Brain natriuretic peptide in acute heart failure and its association with glomerular filtration rate: A systematic review and meta-analysis

Hamdah Bashir Mughal a, Ayesha Isani Majeed b, Maria Aftab c, Muhammad Furqan Ubaid d, Sabahat Zahra e, Muhammad Sajid Rafiq Abbasi f, Mamoon Qadir g, Mumtaz Ahmad h, Amna Akbar i, Sabahat Tasneem j, Sarosh Khan Jadoon k, Maham Tariq l, Saddam Hussain m, Shahad Saif Khandker n, Sarosh Alvi o,*
PMCID: PMC11309607  PMID: 38394539

Abstract

Background:

Acute heart failure (AHF) is one of the most common cardiovascular diseases. Early diagnosis and prognosis are essential, as they can eventually lead to a fatal condition. Recently, brain natriuretic peptide (BNP) has been recognized as one of the most popular biomarkers for AHF. Changes in glomerular filtration rate (GFR) are often observed in AHF.

Methods:

We searched PubMed, Google Scholar, and ScienceDirect between March and June 2023. Original case control studies written in English that assessed levels oh BNP in AHF were included. Systematic reviews, letters to editor, correspondence, comprehensive reviews, and duplicated studies were excluded.
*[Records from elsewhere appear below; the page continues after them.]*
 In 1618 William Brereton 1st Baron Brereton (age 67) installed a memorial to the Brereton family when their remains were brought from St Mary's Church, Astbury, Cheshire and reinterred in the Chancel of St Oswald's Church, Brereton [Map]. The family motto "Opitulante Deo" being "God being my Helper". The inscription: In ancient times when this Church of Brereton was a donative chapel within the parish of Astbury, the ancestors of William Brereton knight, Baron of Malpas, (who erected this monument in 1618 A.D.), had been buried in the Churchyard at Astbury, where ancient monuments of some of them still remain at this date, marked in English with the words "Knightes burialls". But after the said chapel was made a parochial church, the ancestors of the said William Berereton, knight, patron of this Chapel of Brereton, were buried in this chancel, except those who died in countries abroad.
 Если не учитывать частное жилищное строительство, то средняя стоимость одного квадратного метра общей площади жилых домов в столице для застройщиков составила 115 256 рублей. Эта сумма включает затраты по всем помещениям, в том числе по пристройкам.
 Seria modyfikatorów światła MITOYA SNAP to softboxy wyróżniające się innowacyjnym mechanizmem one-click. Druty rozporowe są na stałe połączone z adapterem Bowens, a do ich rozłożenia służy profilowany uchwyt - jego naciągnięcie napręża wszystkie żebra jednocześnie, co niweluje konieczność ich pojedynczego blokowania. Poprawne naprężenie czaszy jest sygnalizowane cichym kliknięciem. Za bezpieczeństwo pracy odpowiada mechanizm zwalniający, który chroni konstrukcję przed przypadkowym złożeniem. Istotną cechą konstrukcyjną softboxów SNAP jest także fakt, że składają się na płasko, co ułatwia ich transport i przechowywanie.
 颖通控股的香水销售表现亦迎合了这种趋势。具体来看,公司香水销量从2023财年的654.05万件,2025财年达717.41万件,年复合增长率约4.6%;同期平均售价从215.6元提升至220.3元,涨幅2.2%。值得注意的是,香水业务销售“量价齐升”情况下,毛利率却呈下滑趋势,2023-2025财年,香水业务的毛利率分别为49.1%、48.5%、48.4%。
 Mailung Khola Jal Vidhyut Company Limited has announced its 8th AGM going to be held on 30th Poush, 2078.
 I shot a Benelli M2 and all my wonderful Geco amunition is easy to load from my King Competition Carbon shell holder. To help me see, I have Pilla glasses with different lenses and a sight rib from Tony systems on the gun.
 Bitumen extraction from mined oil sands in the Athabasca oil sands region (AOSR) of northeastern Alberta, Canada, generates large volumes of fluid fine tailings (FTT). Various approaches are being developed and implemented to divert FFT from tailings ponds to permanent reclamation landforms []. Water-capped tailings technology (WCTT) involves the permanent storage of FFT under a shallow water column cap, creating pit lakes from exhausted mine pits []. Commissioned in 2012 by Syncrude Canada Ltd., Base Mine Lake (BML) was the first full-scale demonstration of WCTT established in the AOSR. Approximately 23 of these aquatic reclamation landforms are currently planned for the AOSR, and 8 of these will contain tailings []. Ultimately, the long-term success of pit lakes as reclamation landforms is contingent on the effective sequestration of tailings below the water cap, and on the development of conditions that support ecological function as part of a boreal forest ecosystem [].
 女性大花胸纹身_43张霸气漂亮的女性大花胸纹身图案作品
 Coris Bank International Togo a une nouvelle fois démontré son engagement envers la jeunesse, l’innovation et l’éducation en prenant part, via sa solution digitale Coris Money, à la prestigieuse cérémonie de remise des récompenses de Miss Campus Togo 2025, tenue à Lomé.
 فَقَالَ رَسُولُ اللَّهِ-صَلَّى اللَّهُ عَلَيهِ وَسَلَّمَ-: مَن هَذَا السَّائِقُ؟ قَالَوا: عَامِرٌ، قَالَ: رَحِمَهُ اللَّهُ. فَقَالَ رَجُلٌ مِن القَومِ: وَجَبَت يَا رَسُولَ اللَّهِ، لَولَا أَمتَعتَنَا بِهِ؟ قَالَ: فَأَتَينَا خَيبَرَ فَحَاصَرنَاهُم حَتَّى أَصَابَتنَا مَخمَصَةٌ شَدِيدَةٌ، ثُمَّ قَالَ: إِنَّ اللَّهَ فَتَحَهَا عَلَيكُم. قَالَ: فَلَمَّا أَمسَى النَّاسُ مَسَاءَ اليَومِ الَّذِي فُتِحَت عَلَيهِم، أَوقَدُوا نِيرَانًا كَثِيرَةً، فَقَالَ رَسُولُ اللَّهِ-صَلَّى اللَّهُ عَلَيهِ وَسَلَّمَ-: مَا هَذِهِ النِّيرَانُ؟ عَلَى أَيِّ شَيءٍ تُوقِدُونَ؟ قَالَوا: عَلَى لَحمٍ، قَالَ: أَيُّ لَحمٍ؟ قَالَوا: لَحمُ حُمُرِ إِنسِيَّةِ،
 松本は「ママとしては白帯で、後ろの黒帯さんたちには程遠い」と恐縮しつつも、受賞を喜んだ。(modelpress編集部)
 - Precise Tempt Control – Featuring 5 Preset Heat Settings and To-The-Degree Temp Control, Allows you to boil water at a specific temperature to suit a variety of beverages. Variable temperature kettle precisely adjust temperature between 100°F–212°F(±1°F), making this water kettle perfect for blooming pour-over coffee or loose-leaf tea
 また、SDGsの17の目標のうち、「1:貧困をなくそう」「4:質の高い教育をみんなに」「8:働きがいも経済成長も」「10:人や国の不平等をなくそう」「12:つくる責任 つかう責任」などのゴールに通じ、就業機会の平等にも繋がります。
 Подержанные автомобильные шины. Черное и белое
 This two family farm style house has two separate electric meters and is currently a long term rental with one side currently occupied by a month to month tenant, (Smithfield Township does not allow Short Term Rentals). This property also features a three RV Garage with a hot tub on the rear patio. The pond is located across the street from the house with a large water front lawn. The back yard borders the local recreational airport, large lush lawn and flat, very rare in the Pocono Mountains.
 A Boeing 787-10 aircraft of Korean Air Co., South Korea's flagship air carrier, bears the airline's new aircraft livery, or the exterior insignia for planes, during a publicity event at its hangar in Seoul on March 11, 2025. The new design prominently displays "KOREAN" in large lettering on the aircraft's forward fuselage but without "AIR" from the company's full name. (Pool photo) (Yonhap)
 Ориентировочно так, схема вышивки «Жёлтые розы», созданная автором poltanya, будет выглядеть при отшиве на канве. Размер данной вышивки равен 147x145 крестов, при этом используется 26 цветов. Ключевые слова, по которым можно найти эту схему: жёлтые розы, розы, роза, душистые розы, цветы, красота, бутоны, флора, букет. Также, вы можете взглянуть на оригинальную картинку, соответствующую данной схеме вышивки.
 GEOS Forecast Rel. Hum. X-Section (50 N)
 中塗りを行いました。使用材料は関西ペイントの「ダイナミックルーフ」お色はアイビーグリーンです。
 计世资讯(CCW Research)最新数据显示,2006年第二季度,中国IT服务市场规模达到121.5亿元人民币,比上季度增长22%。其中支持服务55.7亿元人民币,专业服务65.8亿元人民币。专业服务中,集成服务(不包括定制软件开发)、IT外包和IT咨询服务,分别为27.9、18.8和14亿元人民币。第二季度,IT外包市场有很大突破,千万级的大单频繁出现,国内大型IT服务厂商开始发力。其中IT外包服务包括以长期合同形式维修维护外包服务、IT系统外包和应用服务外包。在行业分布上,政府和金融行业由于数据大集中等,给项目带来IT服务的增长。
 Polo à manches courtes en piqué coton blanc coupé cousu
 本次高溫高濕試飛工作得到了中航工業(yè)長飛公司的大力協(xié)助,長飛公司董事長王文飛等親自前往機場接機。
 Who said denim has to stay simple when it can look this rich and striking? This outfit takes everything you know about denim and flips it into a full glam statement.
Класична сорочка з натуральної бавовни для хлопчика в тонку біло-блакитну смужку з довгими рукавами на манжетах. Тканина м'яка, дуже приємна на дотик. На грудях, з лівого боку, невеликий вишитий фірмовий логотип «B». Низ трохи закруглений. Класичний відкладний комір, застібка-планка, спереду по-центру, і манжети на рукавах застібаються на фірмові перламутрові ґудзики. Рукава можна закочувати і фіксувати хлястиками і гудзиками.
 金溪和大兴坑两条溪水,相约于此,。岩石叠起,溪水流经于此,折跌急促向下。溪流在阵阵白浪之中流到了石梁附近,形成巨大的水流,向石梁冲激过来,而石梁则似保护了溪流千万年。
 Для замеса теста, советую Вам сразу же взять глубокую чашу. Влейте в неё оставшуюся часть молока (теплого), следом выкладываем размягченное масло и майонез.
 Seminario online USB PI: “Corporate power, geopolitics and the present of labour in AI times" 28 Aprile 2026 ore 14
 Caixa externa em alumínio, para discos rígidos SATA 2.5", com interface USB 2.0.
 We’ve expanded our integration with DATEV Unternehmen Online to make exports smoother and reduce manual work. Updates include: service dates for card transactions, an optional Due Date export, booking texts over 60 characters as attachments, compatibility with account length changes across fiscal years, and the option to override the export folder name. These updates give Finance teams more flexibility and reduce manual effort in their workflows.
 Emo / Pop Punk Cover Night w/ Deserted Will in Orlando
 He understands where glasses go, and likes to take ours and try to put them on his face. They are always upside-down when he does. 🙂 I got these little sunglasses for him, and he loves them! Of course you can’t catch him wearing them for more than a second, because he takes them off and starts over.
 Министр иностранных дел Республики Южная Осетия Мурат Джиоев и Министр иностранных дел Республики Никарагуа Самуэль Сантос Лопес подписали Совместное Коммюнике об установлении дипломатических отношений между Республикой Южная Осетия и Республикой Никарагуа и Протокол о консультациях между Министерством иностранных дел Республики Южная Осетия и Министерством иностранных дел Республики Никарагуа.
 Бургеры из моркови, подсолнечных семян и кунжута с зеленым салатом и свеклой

Funnel plots were constructed to assess publication bias.

Results:

A total of 9 studies were selected and we obtained the mean difference (MD) of BNP level to be 2.57 (95% CI: 1.35, 3.78), and GFR to be −15.52, (95% CI: −23.35, −7.70) in AHF patients. Sensitivity analyses supported the robustness of the outcome.

Conclusion:

Results indicated that BNP was a promising prognostic biomarker of AHF, whereas GFR was found to be negatively correlated with AHF.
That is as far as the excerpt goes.